**DATA SECTION:**
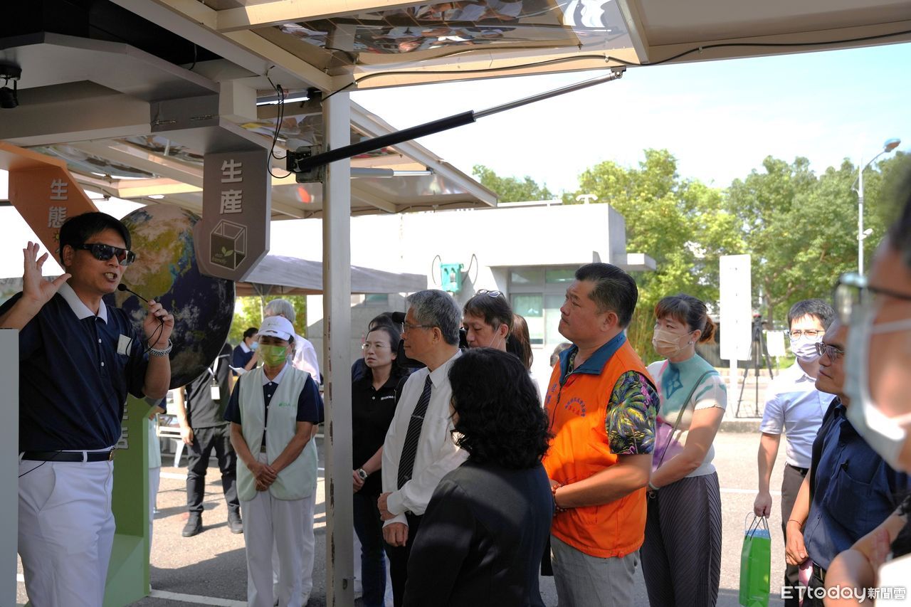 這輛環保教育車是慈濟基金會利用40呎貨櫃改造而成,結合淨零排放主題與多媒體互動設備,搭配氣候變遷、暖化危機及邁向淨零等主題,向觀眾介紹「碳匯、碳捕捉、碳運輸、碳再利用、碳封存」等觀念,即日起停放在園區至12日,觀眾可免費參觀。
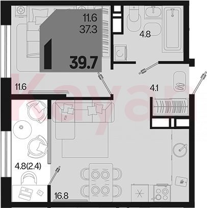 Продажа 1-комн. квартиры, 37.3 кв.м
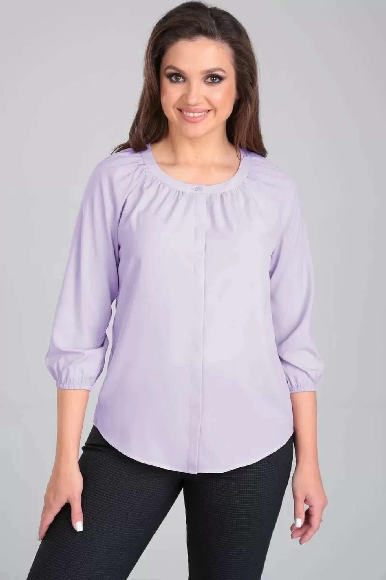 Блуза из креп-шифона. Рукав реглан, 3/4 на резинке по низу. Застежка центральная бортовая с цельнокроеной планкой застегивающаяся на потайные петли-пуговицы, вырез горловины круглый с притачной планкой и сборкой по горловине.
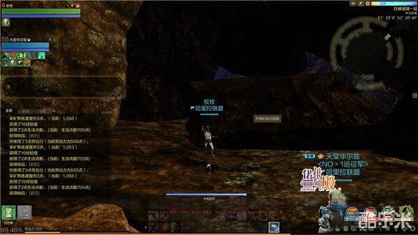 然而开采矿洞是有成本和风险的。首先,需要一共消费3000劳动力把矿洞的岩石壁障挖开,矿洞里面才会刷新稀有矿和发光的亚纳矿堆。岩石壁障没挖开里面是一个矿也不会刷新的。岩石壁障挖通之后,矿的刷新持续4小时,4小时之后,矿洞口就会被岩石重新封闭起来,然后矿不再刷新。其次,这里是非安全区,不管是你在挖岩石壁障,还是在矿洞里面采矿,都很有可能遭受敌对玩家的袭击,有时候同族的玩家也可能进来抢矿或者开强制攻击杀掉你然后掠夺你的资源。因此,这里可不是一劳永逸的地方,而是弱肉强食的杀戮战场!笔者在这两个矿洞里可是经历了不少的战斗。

**WHAT THE EXERCISE ASKS:** From the material above, reproduce only what runs from the line holding "Продажа 1-комн. квартиры, 37.3 кв.м" down to the line holding "Блуза из креп-шифона.", both included, pictures excluded.

**RESPONSE BOX:**
 Продажа 1-комн. квартиры, 37.3 кв.м
 Блуза из креп-шифона. Рукав реглан, 3/4 на резинке по низу. Застежка центральная бортовая с цельнокроеной планкой застегивающаяся на потайные петли-пуговицы, вырез горловины круглый с притачной планкой и сборкой по горловине.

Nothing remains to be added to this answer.